It was dinner time. Like always everyone was at the table ready for a hot meal of chapattis and vegetables. The first signs of summer were setting it – in our small room it was warm and slightly stuffy. I was seething. The warmth became hotter under my heavy breath. Thoughts turned continuously in my head, but there was rage in my heart. Should I make a confrontation? I had to. And with one breath for renewed energy, I broke the silence. “Do you have other children?” All eyes upon me; I had broken a silence that had moved from once being awkward to then being feared and finally had begun to eat on me. “How many families are you maintaining at one time, father?” – I rued up all my strength to speak out loud. A tear rolled down my mother’s eye. The fan whirled slowly, a light breeze cooled the tense moment – a moment in which all of us thought. Slowly my father rose from the table.
It had been a while since a word explaining my father’s late night returns, absences over the weekend and his silent irritation had reached our ears.
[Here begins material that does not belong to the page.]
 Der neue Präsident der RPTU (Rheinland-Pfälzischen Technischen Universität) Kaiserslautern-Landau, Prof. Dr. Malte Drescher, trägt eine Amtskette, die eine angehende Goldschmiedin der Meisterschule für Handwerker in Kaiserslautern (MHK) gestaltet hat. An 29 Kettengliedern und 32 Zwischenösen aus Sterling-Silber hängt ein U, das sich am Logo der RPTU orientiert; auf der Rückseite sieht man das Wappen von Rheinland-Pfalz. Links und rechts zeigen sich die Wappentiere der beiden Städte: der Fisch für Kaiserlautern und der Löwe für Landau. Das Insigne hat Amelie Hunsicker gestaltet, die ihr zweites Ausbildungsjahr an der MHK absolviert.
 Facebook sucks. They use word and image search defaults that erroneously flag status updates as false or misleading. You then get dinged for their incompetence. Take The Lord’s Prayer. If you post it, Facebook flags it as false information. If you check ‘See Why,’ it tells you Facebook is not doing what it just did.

It was only a word which our mother insisted was wasteful gossip. Ofcourse, my sister and I were so busy with our own lives; the dreary experience of commuting in crowded trains across the city, the heat, the sweat and the ever-growing workload left us all competing for time with ourselves and each other at the end of every day, which seemed so long. Father led a similar life and as tired as we were at the end of each day, there was only a mind for smiles and mindless exchanges about our day. Sometimes father returned very late and mother would wait endlessly for a knock on the door. In the trance of our sleep, we noticed in a blur the fire being cooked up again, the table being laid once more and the swirling of the fan in the next room; continuing until we never knew when. Deep slumber would have taken its course by then.
But then the recession hit. Money was precious, as jobs were an uncertainty. Even between varying dinner timings and the descend in our mindless conversations, the absence of our father on one night troubled us out of sleep, a sleep that was probably rare to come over the next many many months. “He has to work hard as there are not many projects coming our way. Travelling tires him out and so he decided to stay in office last night,” explained mother the next day. As days passed and news of recessions hit the headlines everyday, father’s absences became longer and more frequent. Often he would be home at odd hours in the afternoon, curt when he received the phone. I would call after lunch to chat with Mother. One day father received the phone call and Mother’s asked me not to be so inquisitive. This was when the first word about father having a home in another part the city reached us. In this time of recession, people had little to keep themselves busy with and therefore idle gossip made for empty afternoons and late evenings. Father had been very successful and mother always explained ‘gossip’ as a tactic of unhealthy competition. And we still smiled sometimes; shared stories about our days on now-one-off evenings together. But how long could she have held herself and our family together on that string of thought. Our days were becoming longer as my sister and I began staying up with mother because it was becoming difficult to deal with her disconnected conversations and bouts of inexplicable staring into space.
The more we goaded her for answers the more irritant she became. She would stay up whole nights waiting for the knock on the door. Rare gossip almost became everyday news flowing in from second cousins, wives of father’s friends and eventually even our own aunts. But to put a question, each one of us knew, would be to end an era. Would it be for better or for worse… no one knew.
Father’s silence that evening, not even the slightest protest to my thoroughly outspoken self laid to rest the conflict within ourselves. Upon only a word from my sister and me he packed his bags and left. My mother only watched. I never understood and I never asked whether she disagreed with my conduct that had brought to end her disrupted, yet routine life. In the retrospective, when I see her today, I feel that maybe she always knew, but had learnt to gain strength from the disrupted stability of her life.
It is been five years now. My cousins are still cousins, my aunts are still aunts; my father is no more my father.